6. Sacharoff finds that although many others claim that Troilus and Cressida is merely a satire in which Shakespeare has burlesqued the Iliad via other interpreters of the Troy story, in fact the characters appear complex and not hollowed out in other Renaissance literature, contradicting the "theory of a derogatory tradition" (125). In the same vein Briggs expounds upon the "ambivalent tradition of praise and insinuation" (65) regarding Cressida and Helen in the sixteenth century (60 ff.).

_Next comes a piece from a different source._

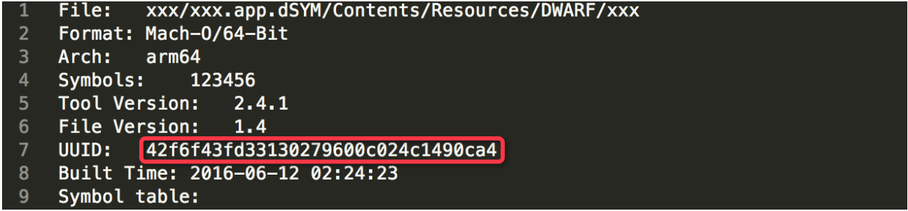 查看符号表文件的 UUID,详情请参见 UUID 提取指引。

7. Stiller explains that Cressida's formalized characteristics are: "physically attractive, of a fragile or delicate appearance; socially vulnerable, a lone woman in wartime, suspect in her society; erotically inclined; unwilling to betray, but betraying; and, increasingly, self-destructive." But she claims that in Shakespeare's play Cressida "loses many of the traits which distinguished her, and becomes, in essence, a second, unsuccessful Helen" (4), only becoming more aggressive in Shakespeare's version (7). Stiller believes Shakespeare's Cressida to be rather flat, and claims that once Shakespeare had hollowed her character out, she disappeared from literature in a society that was ready to let her disappear. (Stiller thus might better have ended her book at page 94, rather than stretch a very vague characterization of the Cressida type to Chopin's Edna and Wharton's Lily Bart.) I will argue an opposite position.
8. Briggs 182-87.
9. "This thou tell'st me . . . when I say I love her" (1.1.59-60).
10. Her father is Calchas the traitor, who had gone over to the Greek side, 1.1.81-82.

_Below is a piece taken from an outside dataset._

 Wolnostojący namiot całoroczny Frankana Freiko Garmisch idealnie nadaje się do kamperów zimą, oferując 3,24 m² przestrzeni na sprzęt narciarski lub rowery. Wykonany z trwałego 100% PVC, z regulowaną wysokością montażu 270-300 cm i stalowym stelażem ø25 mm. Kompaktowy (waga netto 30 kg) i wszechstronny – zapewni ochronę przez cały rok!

11. She continues afterward with more questions, but the first three questions best foreshadow themes in Cressida's character. The questions are addressed to her attendant, Alexander.

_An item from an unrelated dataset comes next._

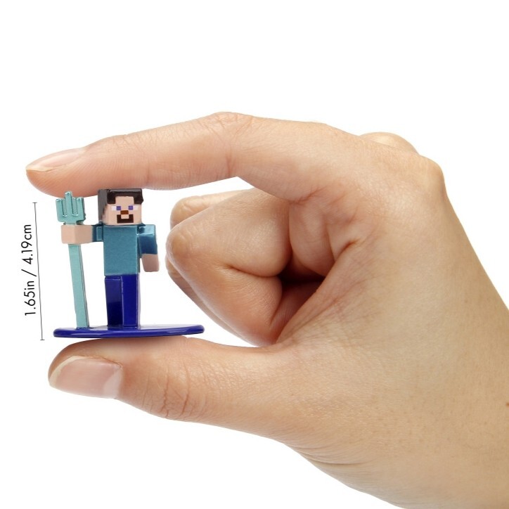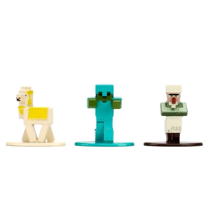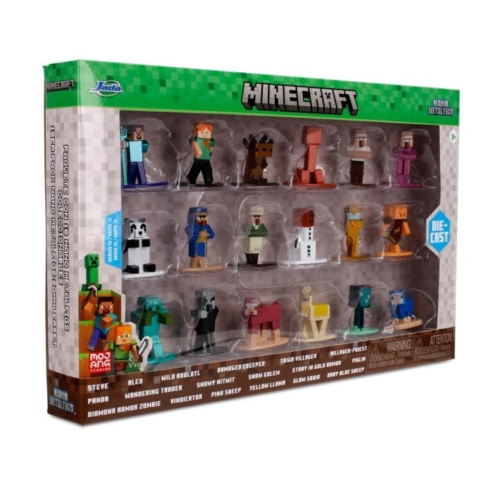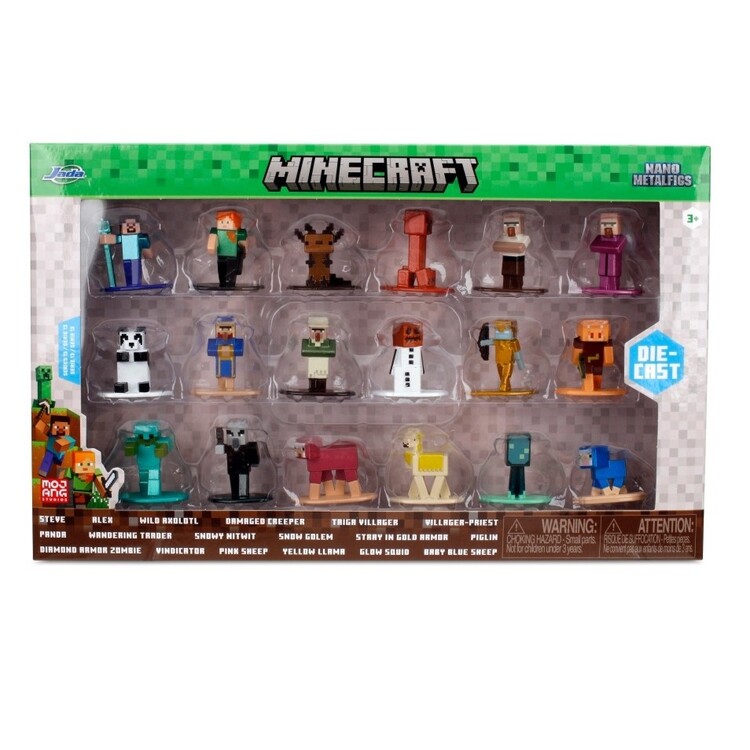 Sada 18 kovových mini figurek Minecraft (~4 cm) od Jada; oficiální licence, dostatečně odolné pro běžné zacházení a připravené k vystavení na stůl či poličku; vhodné od 3 let.

12. Early questions about the identities of characters normally help the audience recognize them, such as when Cressida asks about her uncle (37-38), but here the fact that Helen and Queen Hecuba are not onstage (Hecuba, in fact, never appears in the play) alerts us to an interpretation such as the one I have given.
13. 1.2.70, 86. It is significant that the two qualities Pandarus names in Troilus are the same that have been identified in Cressida: wit and beauty.
14. The intermediate part of the scene, not analyzed here, includes several bawdy jokes. But what is a bawdy joke except a chance to combine one's wit with one's sexuality?
15. 1.2.285-98; only Alexander is onstage.
16. Diomedes later will tell Cressida, not yet won, that she is in command of him (4.4.120).
17. Troilus seems not to get the point, for he maintains his idealistic hopes of being true, truer, and truest (90-99).
18. It is unlikely that she is in control of herself here, for since Troilus is already won and she knows it, she has no need to continue to put on a show.
19. Troilus seems to like Cressida that way. After a busy night together, Troilus asks her to remain as though asleep, like an infant "empty of all thought" (4.2.6).
20. This seems to be a gender-specific situation, for Troilus' power over Cressida evidently is not weakened by his own love for her. But in a sense Troilus has lost power too, for he was unable to participate in the deliberations that led to the agreement to exchange Antenor for Cressida.
21. We also must discount, for the same reason, Ulysses' denigration of Cressida in 5.2.10.
22. Again it is important to remember that the practical necessities include Cressida's need to overcome the emotional trauma of leaving her lover and her homeland. In this view Cressida has competing emotional needs, some of which dictate fidelity to Diomedes and some of which dictate fidelity to Troilus.